- **STORED DATA**
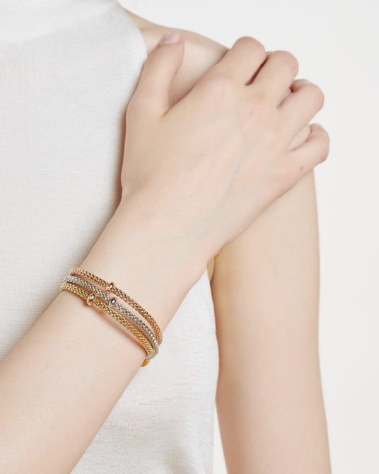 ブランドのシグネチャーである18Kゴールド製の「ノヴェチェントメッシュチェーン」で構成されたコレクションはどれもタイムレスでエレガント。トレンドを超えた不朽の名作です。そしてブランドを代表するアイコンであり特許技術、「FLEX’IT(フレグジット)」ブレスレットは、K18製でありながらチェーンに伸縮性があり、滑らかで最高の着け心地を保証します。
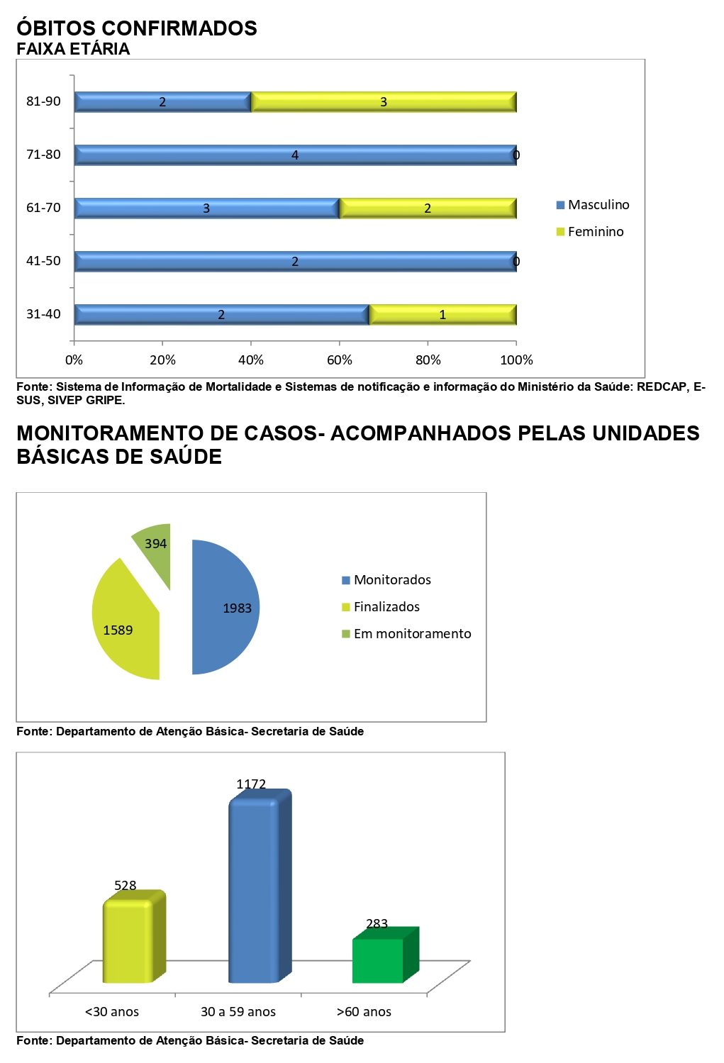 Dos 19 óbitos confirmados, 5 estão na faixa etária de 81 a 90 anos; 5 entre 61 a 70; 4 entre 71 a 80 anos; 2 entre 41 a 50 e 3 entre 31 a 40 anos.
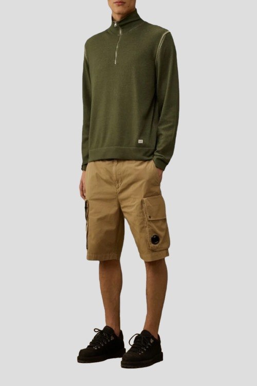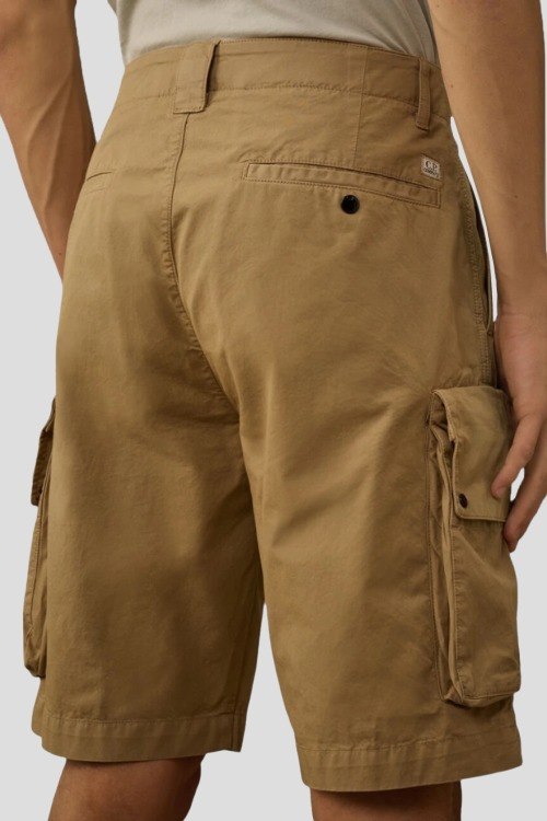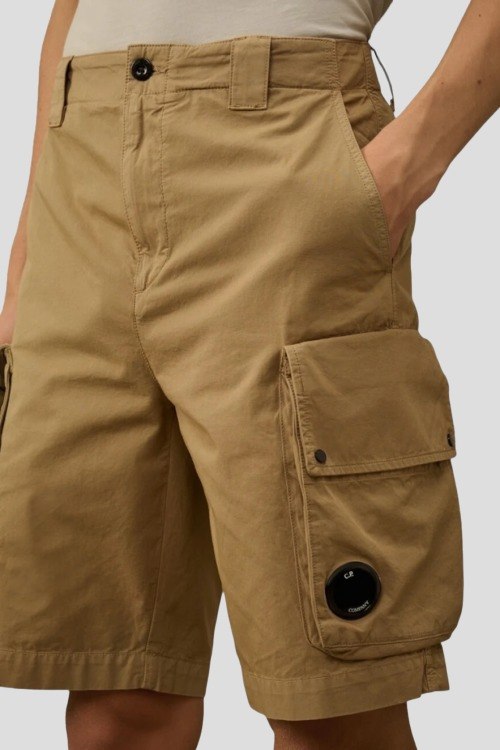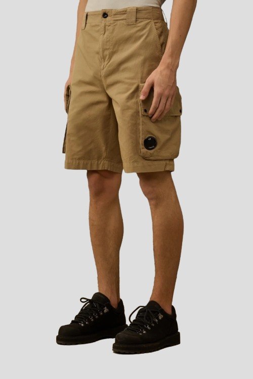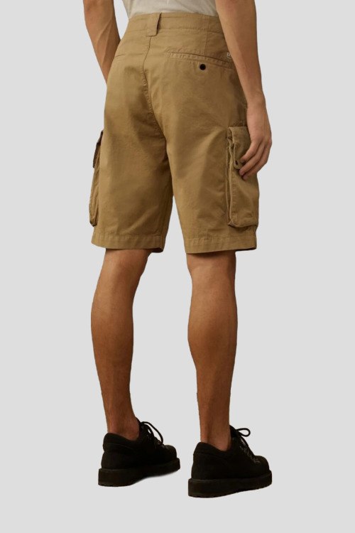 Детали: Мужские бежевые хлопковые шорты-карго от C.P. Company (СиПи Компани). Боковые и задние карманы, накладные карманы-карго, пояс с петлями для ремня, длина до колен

- **PROBLEM REQUIREMENTS**
Please print the listing above again word for word, without its pictures.

- **EXPECTED ANSWER**
 ブランドのシグネチャーである18Kゴールド製の「ノヴェチェントメッシュチェーン」で構成されたコレクションはどれもタイムレスでエレガント。トレンドを超えた不朽の名作です。そしてブランドを代表するアイコンであり特許技術、「FLEX’IT(フレグジット)」ブレスレットは、K18製でありながらチェーンに伸縮性があり、滑らかで最高の着け心地を保証します。
 Dos 19 óbitos confirmados, 5 estão na faixa etária de 81 a 90 anos; 5 entre 61 a 70; 4 entre 71 a 80 anos; 2 entre 41 a 50 e 3 entre 31 a 40 anos.
 Детали: Мужские бежевые хлопковые шорты-карго от C.P. Company (СиПи Компани). Боковые и задние карманы, накладные карманы-карго, пояс с петлями для ремня, длина до колен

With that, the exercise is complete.